## EXERCISE:
Leaving out the pictures, please reproduce exactly and only the lines from the one that contains "Centralnym punktem jest" through the last line below.

## DATASET EXCERPT:
Segment Open

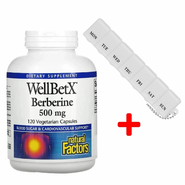 Берберин 500 мг Natural Factors WellBetX Berberine 120 капсул + Подарунок Таблетниця на 7 днів
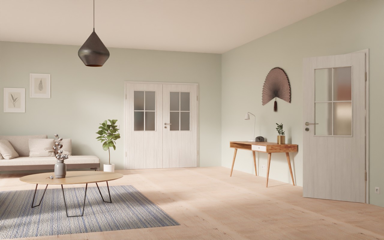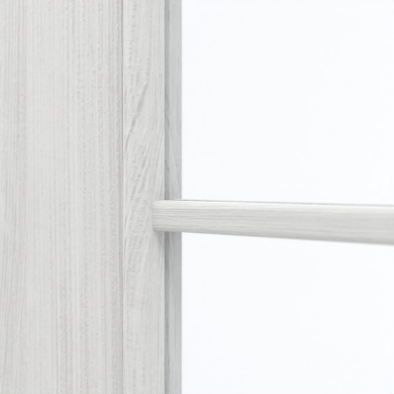 Centralnym punktem jest prostokątny przeszklenie w górnej części drzwi. Delikatne, nałożone listwy nadają mu eleganckie akcenty. Jasny szary z subtelnymi odcieniami rozciąga się wzdłuż skrzydła drzwi. Powierzchnia jest łatwa w pielęgnacji i niezwykle odporna na zarysowania, ścieranie i uderzenia.
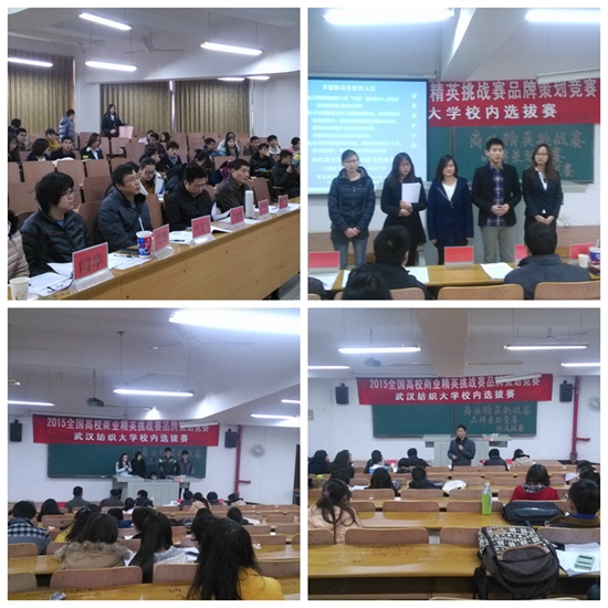 2014年12月26日下午1:00,2015年全国高校商业精英挑战赛品牌策划竞赛,16877太阳集团安全入口校内选拔赛在7栋教学楼T101教室隆重举行。大赛邀请16877太阳集团安全入口副院长杨卫丰,吴锦峰、魏文川、冯燕、闫幸老师作为本次比赛的评委,16877太阳集团安全入口分党委书记朱德群,分团委书记杨阳,辅导员程鹏作为本次比赛的嘉宾,以及部分学生到场观看比赛。

Segment Closed

## OUTPUT BELOW:
 Centralnym punktem jest prostokątny przeszklenie w górnej części drzwi. Delikatne, nałożone listwy nadają mu eleganckie akcenty. Jasny szary z subtelnymi odcieniami rozciąga się wzdłuż skrzydła drzwi. Powierzchnia jest łatwa w pielęgnacji i niezwykle odporna na zarysowania, ścieranie i uderzenia.
 2014年12月26日下午1:00,2015年全国高校商业精英挑战赛品牌策划竞赛,16877太阳集团安全入口校内选拔赛在7栋教学楼T101教室隆重举行。大赛邀请16877太阳集团安全入口副院长杨卫丰,吴锦峰、魏文川、冯燕、闫幸老师作为本次比赛的评委,16877太阳集团安全入口分党委书记朱德群,分团委书记杨阳,辅导员程鹏作为本次比赛的嘉宾,以及部分学生到场观看比赛。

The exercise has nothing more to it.